Obviously, that's doing a lot of unnecessary work. In fact, it can easily take longer to compile the regex and instantiate the Pattern object, than it does to perform an actual match. So it usually makes sense to pull that step out of the loop. You can create the Matcher ahead of time as well, though they're not nearly so expensive:

Pattern p = Pattern.compile("\\d+");
Matcher m = p.matcher("");
for (String s : myStringList) {
    if ( m.reset(s).matches() ) {
        doSomething();
    }
}

If you're familiar with .NET regexes, you may be wondering if Java's compile() method is related to .NET's RegexOptions.Compiled modifier; the answer is no. Java's Pattern.compile() method is merely equivalent to .NET's Regex constructor. When you specify the Compiled option:

Regex r = new Regex(@"\d+", RegexOptions.Compiled); 

...it compiles the regex directly to CIL byte code, allowing it to perform much faster, but at a significant cost in up-front processing and memory use--think of it as steroids for regexes. Java has no equivalent; there's no difference between a Pattern that's created behind the scenes by String#matches(String) and one you create explicitly with Pattern#compile(String).

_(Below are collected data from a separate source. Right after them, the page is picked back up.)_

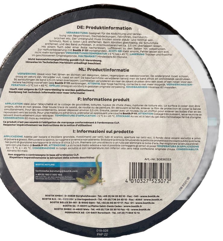 Geeignet für die Abdichtung und Verklebung von Regenrinnen, Dachabdeckungen, Fallrohren, Dachdurchbrüchen etc. Der Untergrund muss trocken sowie staub- und fettfrei sein. Schmutz, Rost und Lack entfernen. Beim Abrollen gleichzeitig die Schutzfolien entfernen und das Band aufkleben. In Anschlussbereichen 2,5cm überlappen lassen. Mit einem Tuch oder einer Rolle nachpressen. Luftblasen zu den Seiten wegdrücken.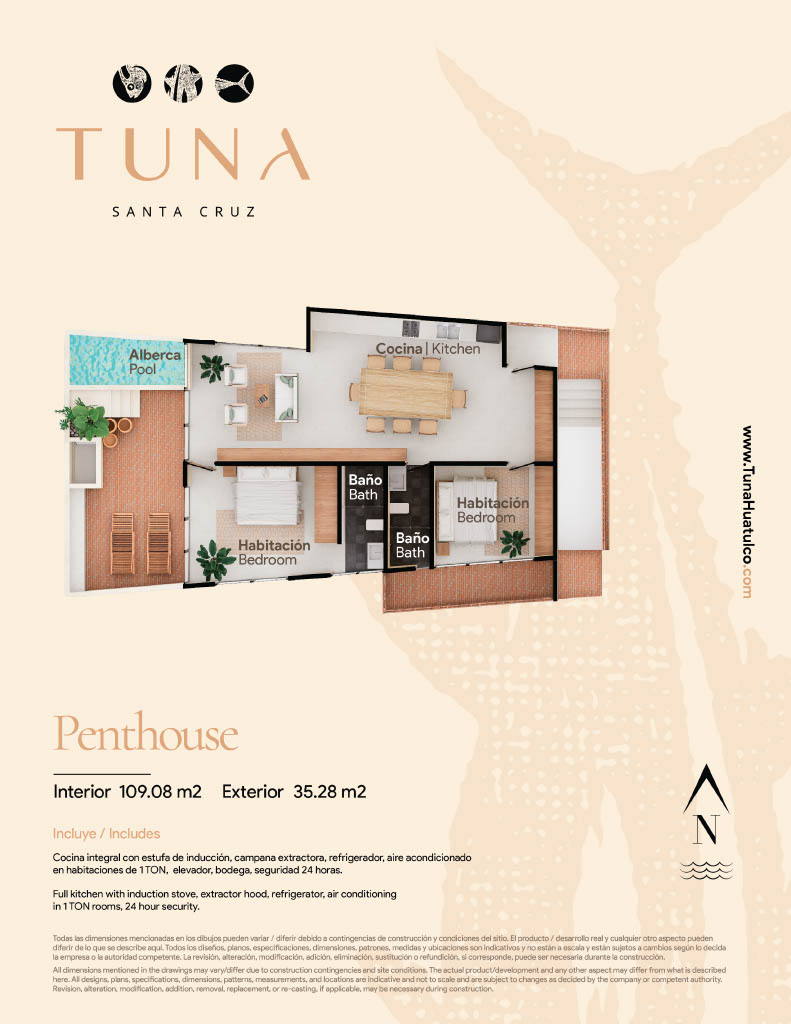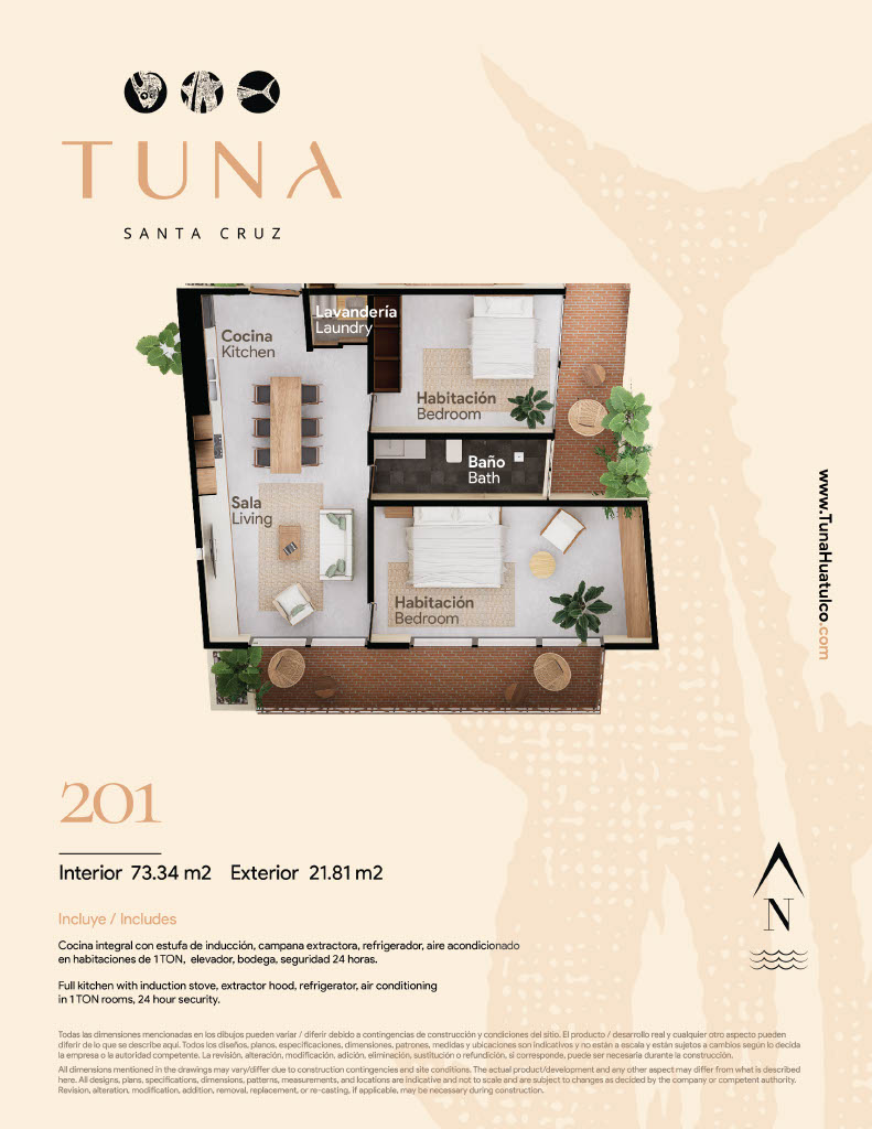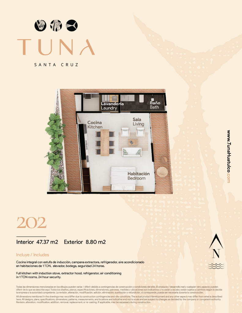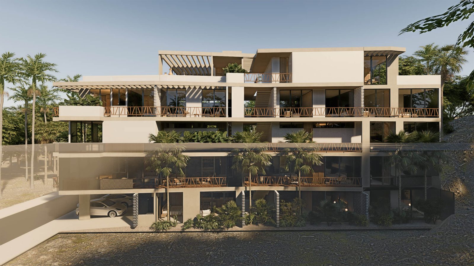 TUNA is a boutique collection of 15 exclusive condos and one luxurious penthouse, thoughtfully designed to harmonize contemporary living with the natural beauty of a lush beach destination. Offering studios, as well as one- and two-bedroom units, each residence embodies elegance and tranquility, seamlessly blending modern design with the surrounding environment. Nestled on a quiet residential street in Sector E, just a short stroll from the stunning Santa Cruz Beach, shops, and restaurants, this exceptional development backs onto a serene nature reserve, creating a unique connection to nature.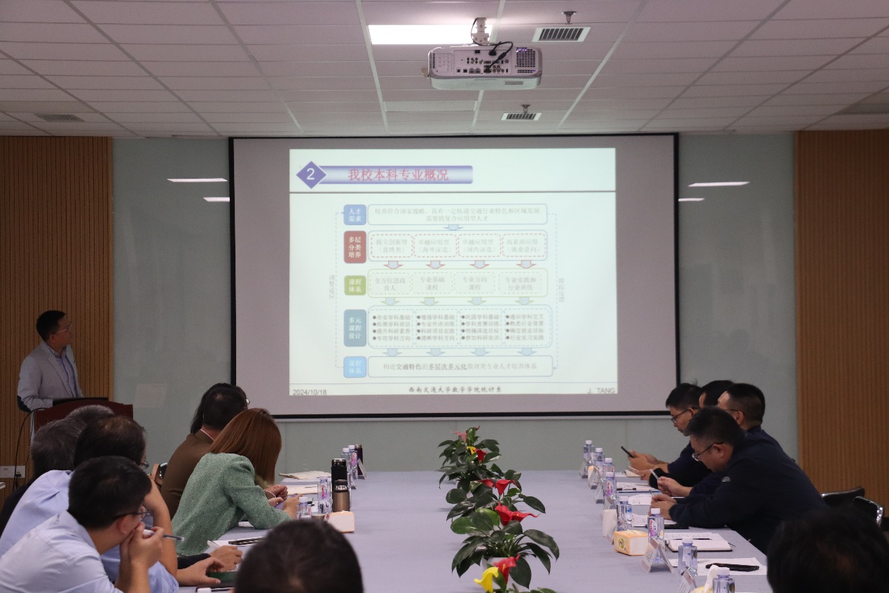 统计系主任唐家银教授发表讲话。唐教授以西南交通大学建成交通特色鲜明的高校平研究型大学的目标为指引,指出应依托轨道交通,多学科融合,创建交通统计特色应用统计专业硕士点建设,从而达到培养适应社会需求的人才输出目标。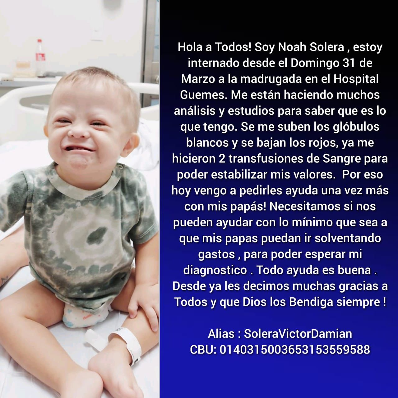 Damián, papá de Noah, contó a través de #TuRadio: “Ayer por la tarde nos llegaron los resultados de los estudios y el hematólogo nos dijo que tenía leucemia. Cuando nació estuvimos más de un mes y medio internados, ahora no sabemos cuánto tiempo nos va a llevar porque es un tratamiento largo”.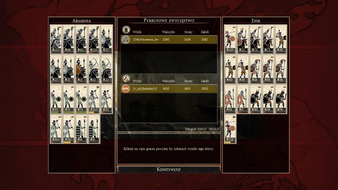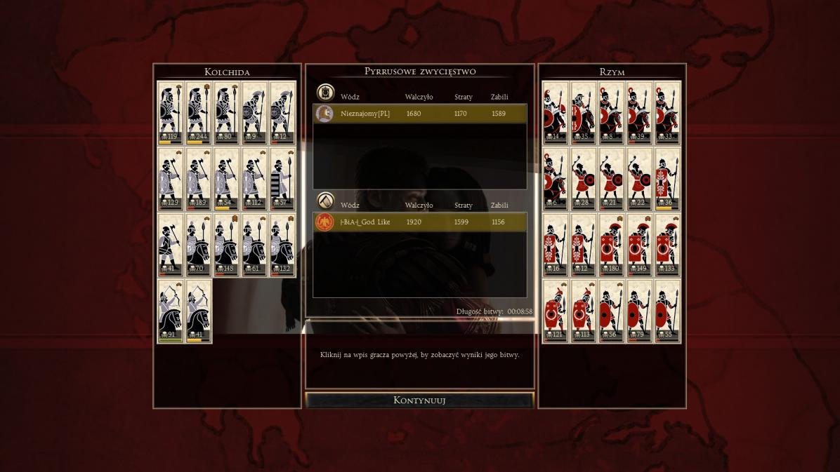2 Zapki, 3 wybrane miecze, 2 szlachetni włócznicy, reszta gorsze włócznie, 3 proce, 3-4 ciężkie jazdy, genek w szlachetnej jeździe. Zniszczyłem go piechotą. Plus mocno ostrzelałem ha. Mam powtórkę jakby co. Każdą bitwę zapisuję, przyda się nam w kolejnych rundach. Zapisujcie powtórki.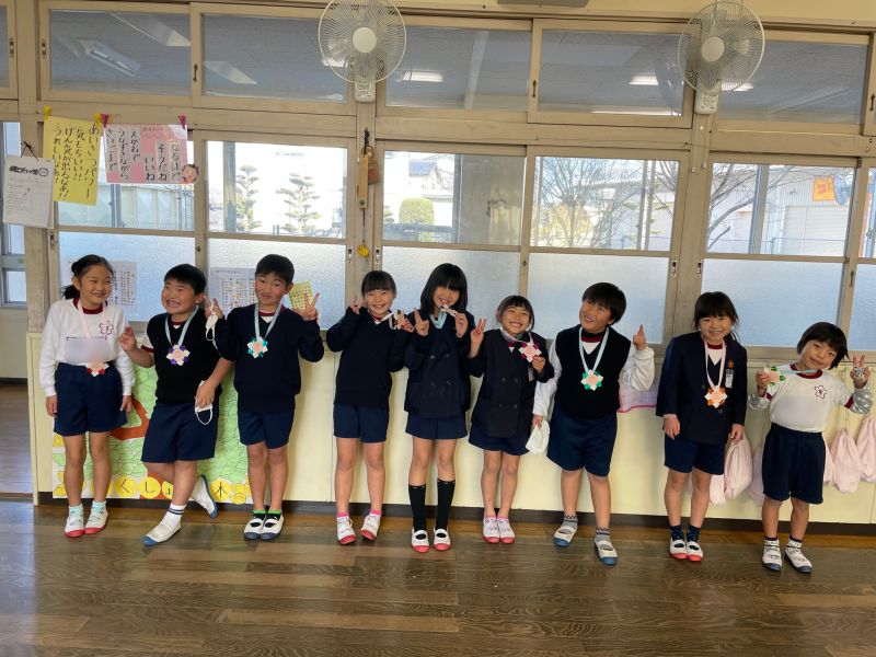 二学期から続けてきた九九マラソンですが、ついに全員校長先生から合格を頂き、キラキラメダルをゲットしました!!それぞれ色違いのきれいなメダルをゲットし、全員そろったことで、にこにこの2年生でした♪

(EDIT: I originally said that all .NET Regex objects are cached, which is incorrect. Since .NET 2.0, automatic caching occurs only with static methods like Regex.Matches(), not when you call a Regex constructor directly. ref)


Compile parses the regular expression and builds an in-memory representation. The overhead to compile is significant compared to a match. If you're using a pattern repeatedly it will gain some performance to cache the compiled pattern.

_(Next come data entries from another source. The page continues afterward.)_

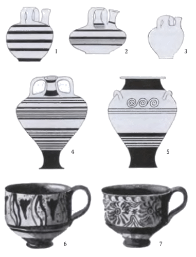Микенское влияние достигло кульминации при Эхнатоне, известном своим пристрастием к чужеземным изделиям. В кучах мусора, выброшенных из дворца, мы нашли 1400 фрагментов микенской керамики, не совпадавших друг с другом и указывавших, вероятно, на половину такого количества ваз и кувшинов. Они относились к глобулярному типу (№ 1–3) и пириформному типу (№ 4–5), что подразумевает торговлю с Кипром и Родосом. В этом они отличаются от керамики из Гароба, которая имеет греческие формы, и, вероятно, продавалась на побережье Африки, в то время как запасы Эхнатона доставлялись с побережья Сирии. Городские отложения Амарны, в сочетании с датированным материалом, ограниченным примерно 50 годами, дают последнее убедительное свидетельство датировки этой древней цивилизации Эгейского региона. То, что вазы были доставлены в более позднее время, представляется невозможным, так как они были перемешаны с 750 фрагментами ценных ваз из разноцветного стекла, несомненно принадлежавших представителям богатых классов. Кроме того, было обнаружено 80 перстней, относящихся к правлению Эхнатона и началу правления его преемника, но ни одного более позднего.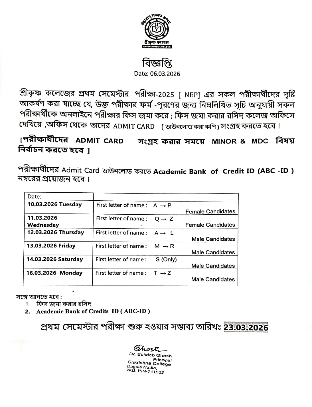 | 5 td > | 06 Mar 2026 | 1st Sem Admit Card Distribution Notice | Download | tr >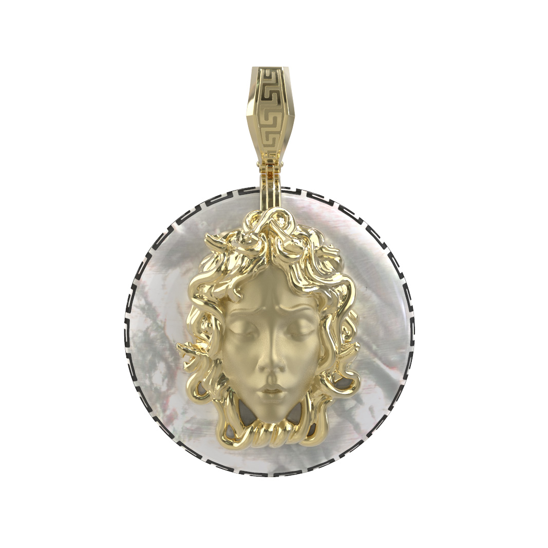 Подвеска из лимонного золота c эмаль и перламутром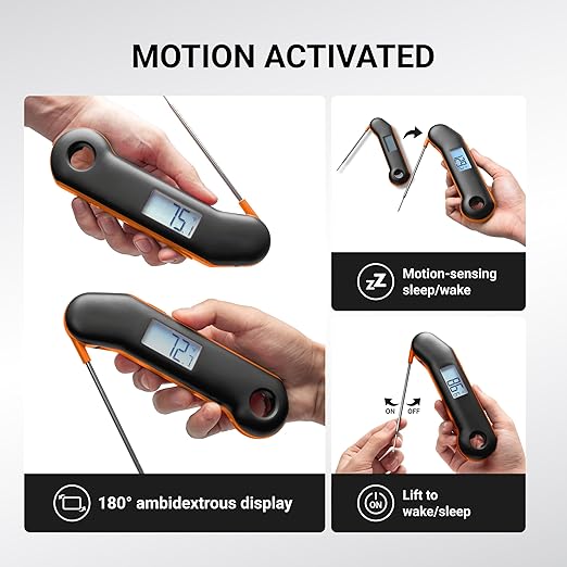 - Universal Design with Intelligent Functionality: Our digital thermometer features an ambidextrous, auto-rotating display for both right and left-handed cooks, ensuring effortless and inclusive use. It includes a smart sleep mode to save battery life and versatile storage options—hook or magnet—for a stylish, organized kitchen. Plus, with a built-in bottle opener, this thermometer is more than just a kitchen tool; it’s your essential companion for BBQs and gatherings.

When you compile the Pattern Java does some computation to make finding matches in Strings faster. (Builds an in-memory representation of the regex)

If you are going to reuse the Pattern multiple times you would see a vast performance increase over creating a new Pattern every time.

In the case of only using the Pattern once, the compiling step just seems like an extra line of code, but, in fact, it can be very helpful in the general case.


It is matter of performance and memory usage, compile and keep the complied pattern if you need to use it a lot. A typical usage of regex is to validated user input (format), and also format output data for users, in these classes, saving the complied pattern, seems quite logical as they usually called a lot.

Below is a sample validator, which is really called a lot :)

public class AmountValidator {
    //Accept 123 - 123,456 - 123,345.34
    private static final String AMOUNT_REGEX="\\d{1,3}(,\\d{3})*(\\.\\d{1,4})?|\\.\\d{1,4}";
    //Compile and save the pattern  
    private static final Pattern AMOUNT_PATTERN = Pattern.compile(AMOUNT_REGEX);


    public boolean validate(String amount){

         if (!AMOUNT_PATTERN.matcher(amount).matches()) {
            return false;
         }    
        return true;
    }    
}

As mentioned by @Alan Moore, if you have reusable regex in your code, (before a loop for example), you must compile and save pattern for reuse.